Both Mr. Universe and Mr. Average Trainee can get all the
muscle-building work they need in a one-to-two-hour session.
Mr. Average might do two sets of eight presses with 80 pounds.
Mr. Universe might do three sets of eight with 150 pounds.
They’ll both take about the same length of time to do
the work, however.
The real secret to success in training is regularity. Step
by step, over weeks, months and years, the successful bodybuilder
keeps training. He doesn’t train in spurts. The fellow
who goes hog wild, frantically over-training, for a couple
of weeks feels that he’s training up a storm and really
getting somewhere, but he’s not. When he quits, he’s
right where he started. The body develops at its own pace.
As one of my heroes, Harry B. Pascall, once wrote, “Mother
Nature will not be pushed around.”
The fellow who sets aside 30 minutes three times a week for
training and sticks with it will be way ahead of someone who
trains according to whim. A guy who begins squatting with
100 pounds will, if he adds just 2 1/2 pounds a week, be squatting
with 60 percent more weight in six months. You might not feel
that you’ve increased the resistance by much, but a
60 percent increase indicates substantial development. Whatever
your starting weight, that kind of improvement can be yours,
if you work out patiently and sensibly.
Contrast that with the sort of approach one so often encounters:
Desperate for gains, a young man dives into training, forcing
himself to use 110 pounds as a startup weight. It’s
agony, but he wants muscles now. Week 2 sees a whopping 10-pound
increase. Imagine, he’s squatting with 120 pounds while
lazy, slow Mr. Systematic is only handling 102 1/2 pounds.
Why, he’ll have fabulous development in no time at all.
By the fourth week the systematic trainee is squatting with
107 1/2 pounds. His energy is through the roof. He feels like
Mr. Universe, even if he doesn’t look like him yet.
He looks forward to his workouts, which leave him feeling
wonderful. He’s filled with optimism about his potential.
Mr. No Patience, on the other hand, is trying to move 140
pounds, but it’s too much. His muscles simply haven’t
developed in step with the exorbitant demands placed on them.
He hates training. He can’t continue the workouts.
By the fifth week the systematic trainee is using 110 pounds.
He feels fantastic, and his physique is visibly improving.
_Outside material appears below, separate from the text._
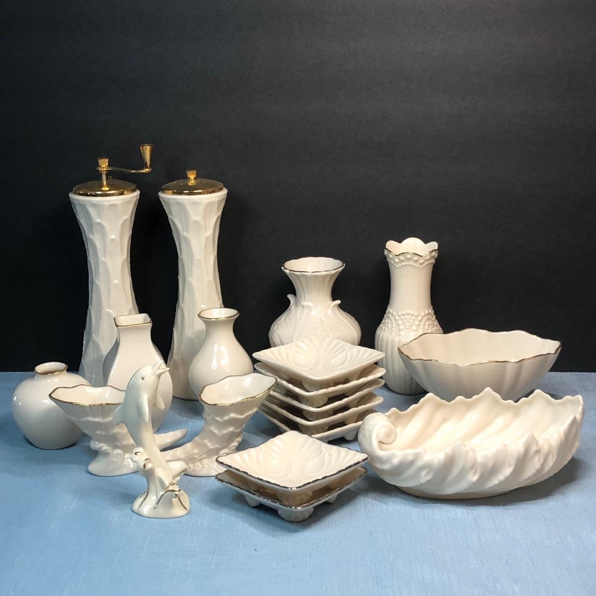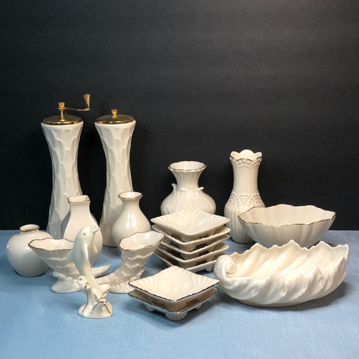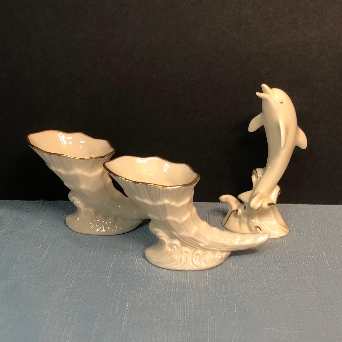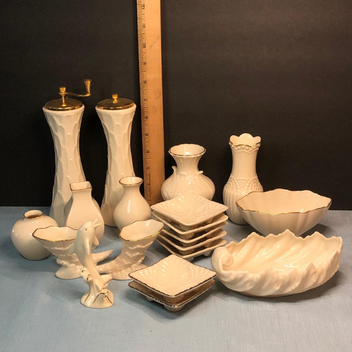 LOT 91M: Lenox Collection - Tall S&P Shakers, Miniature Vases, Dolphin & Small Dishes

The other fellow has quit.
Sound uncomfortably familiar? Accept the fact that you are
who and what you are. Start from there. Set up a reasonable
schedule that will let you, over time, realize your potential.
You can and will achieve your optimum development if you train
correctly. That means basic, regular, hard workouts that develop
you rather than deplete you.
Be patient. Take your time. Add weight, yes, but only in small
amounts and only when your body has acquired the strength
to benefit from the additional effort. If you’re strong
enough to train properly with 35 pounds, that’s the
weight you should use. Once 35 pounds ceases to cause too
much effort, put a bit more on the bar. Over time, you’ll
make excellent, safe, very satisfying progress.
I can never know the exact mental state of readers when my
words reach them. Wherever you are, though, you cannot go
wrong with this approach. It works. Do it.